Two Italian portraits stand out, both painted in the 15th century. The first is a razor-sharp profile (a mode influenced by the fashion at the time for Roman coins and medallions) by Alesso Baldovinetti of a woman who is clearly a looker: high-plucked forehead, pale skin, rosebud lips, marble-column neck and hair styled like a piece of confectionery. And in case you miss it, there’s a further coded message to her suitor: the family’s coat of arms emblazoned in embroidery on her sleeve. Here is a rich beauty no one would have turned down.

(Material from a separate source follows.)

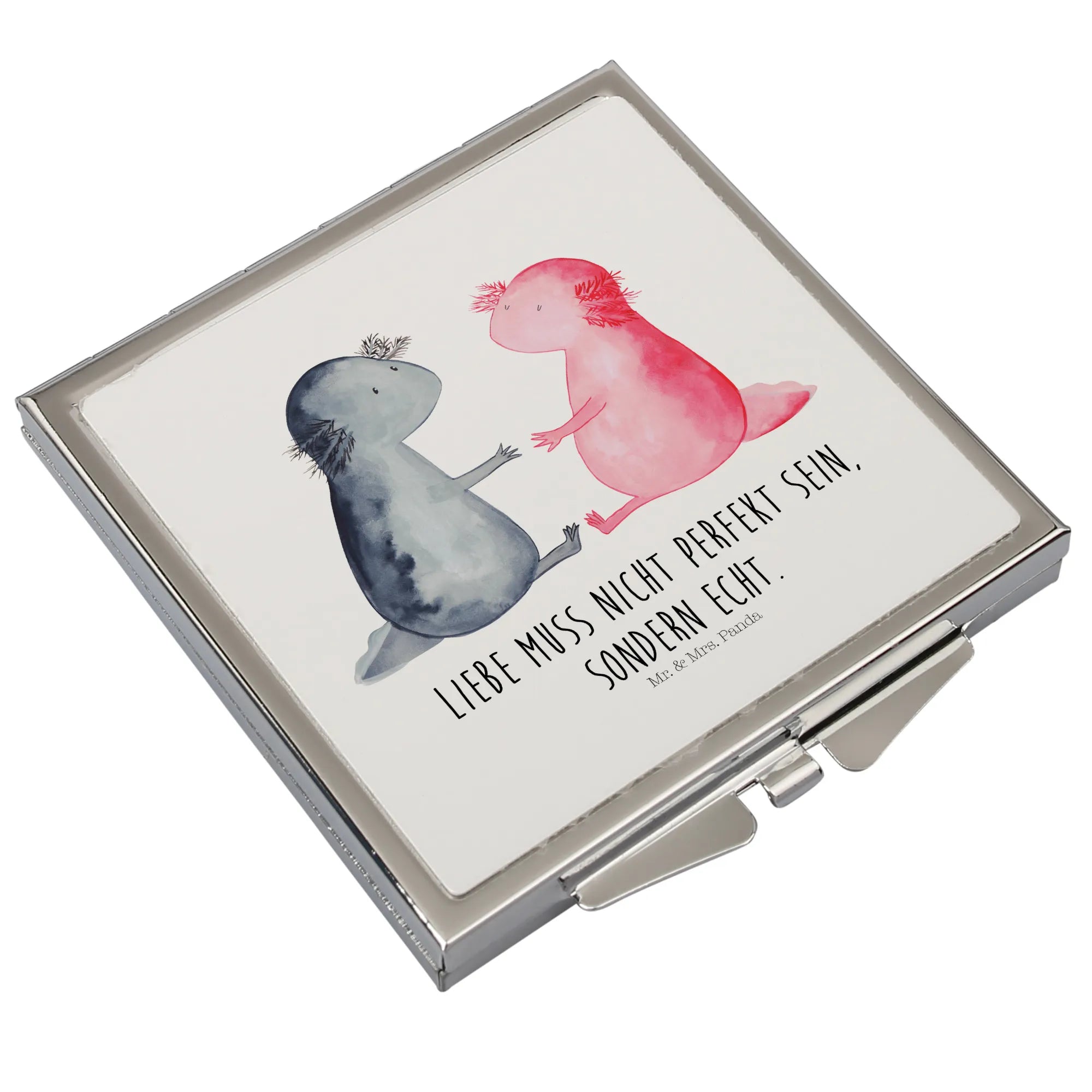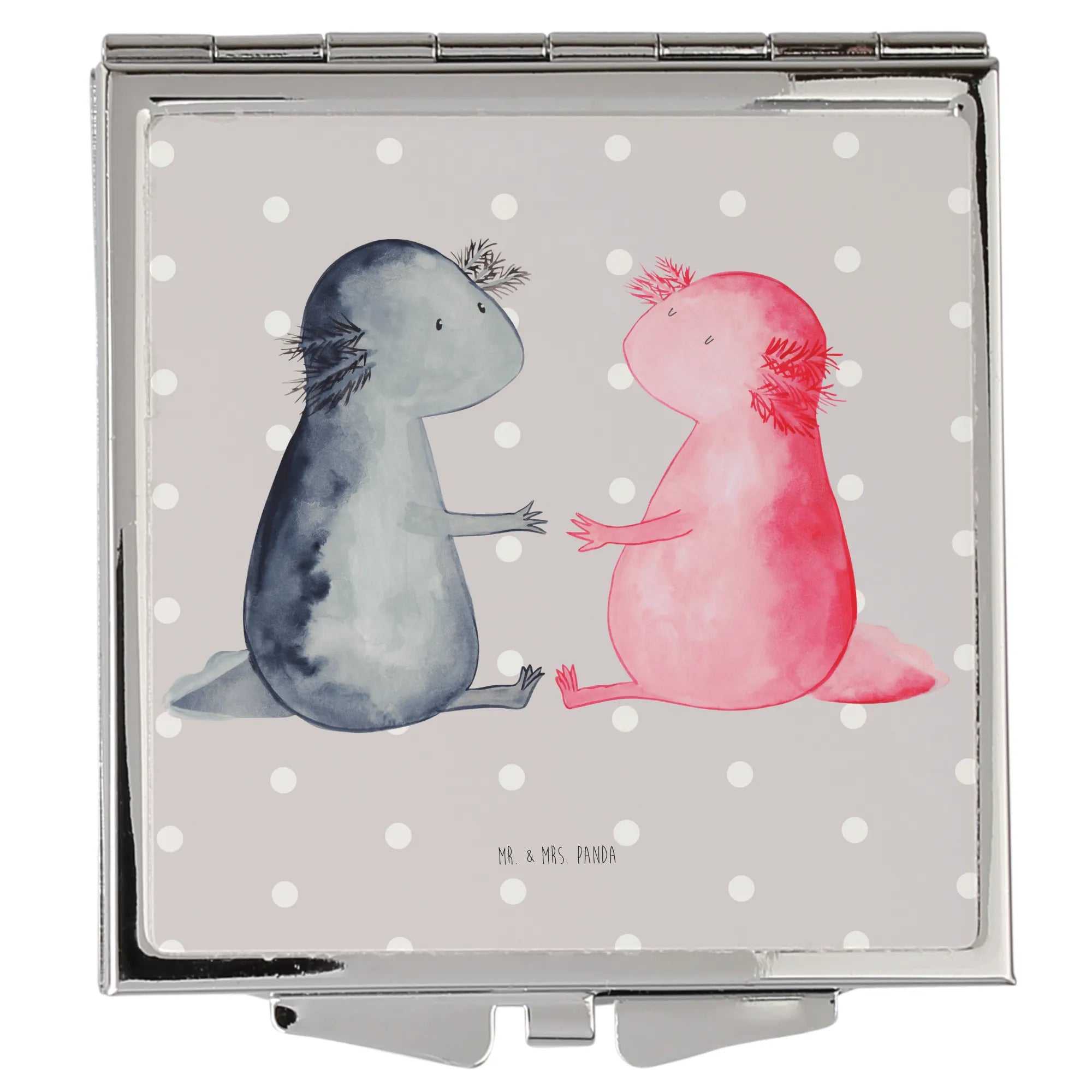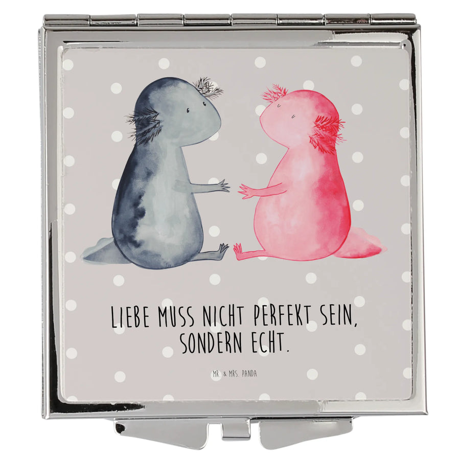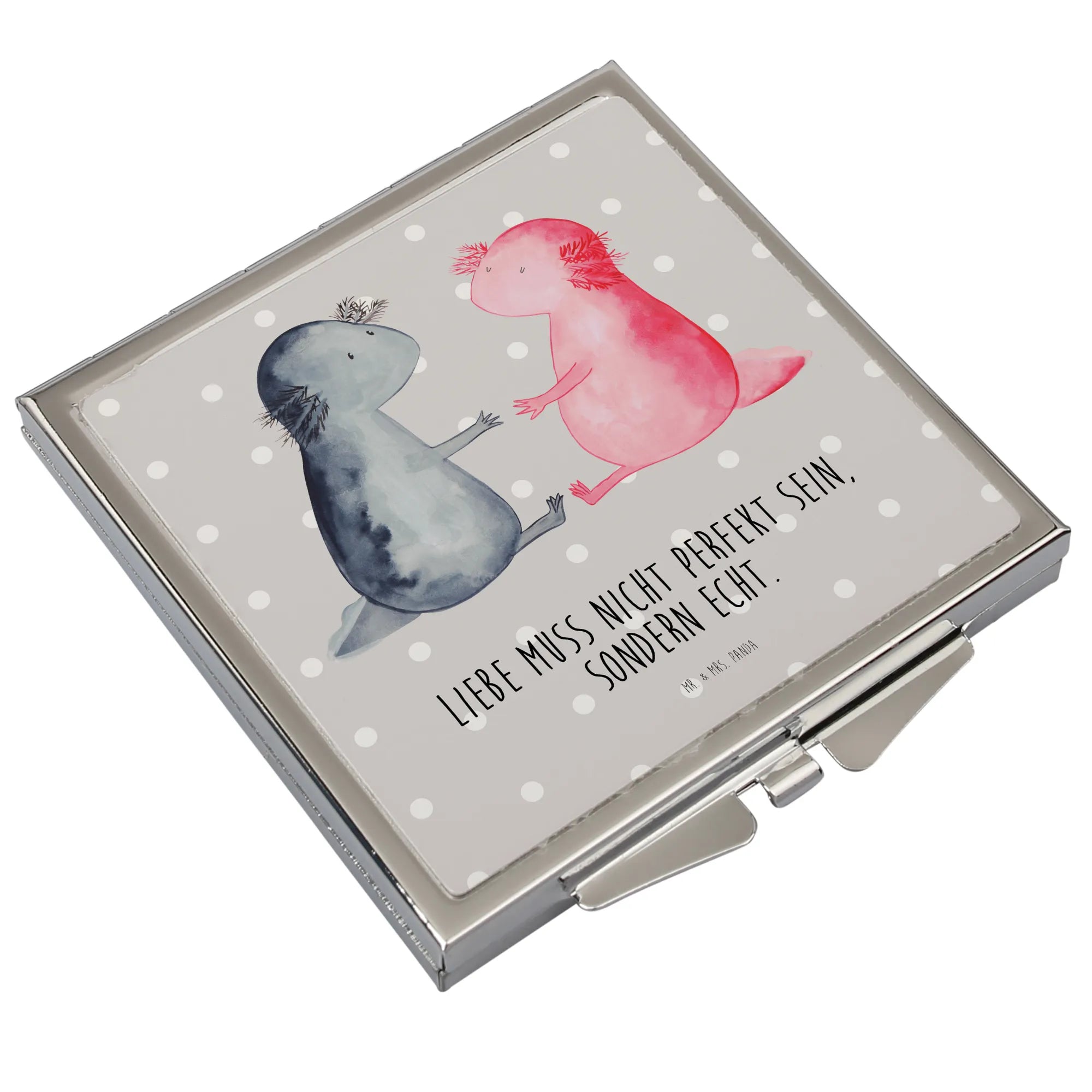 Handbag mirror axolotl Love - with a saying - Grey Pastel

Next to her, a wooden panel painted twenty years later sends out quite a different message, proof perhaps that a gentle humanism was already infiltrating portraiture. We know from its inscription that the woman was Costanza Gaetani, who married into a minor branch of the Medici. But she feels like a real person. Sturdily built, with a jaw that looks like it could crack a walnut, she stares out, seemingly unfazed by the artist’s gaze. You can almost imagine her clambering down from the walls and setting about ordering the household in its daily tasks.

As Burke notes in her book, it is almost fifty years since the American scholar Joan Kelly, in a seminal essay, posed the question ‘Did women have a Renaissance?’ Since then, an army of scholars, of whom Burke is just one, have hunted through the archives to give voice to women who had opinions and minds of their own, even when it came to the serious but thorny question of what they were supposed to look like.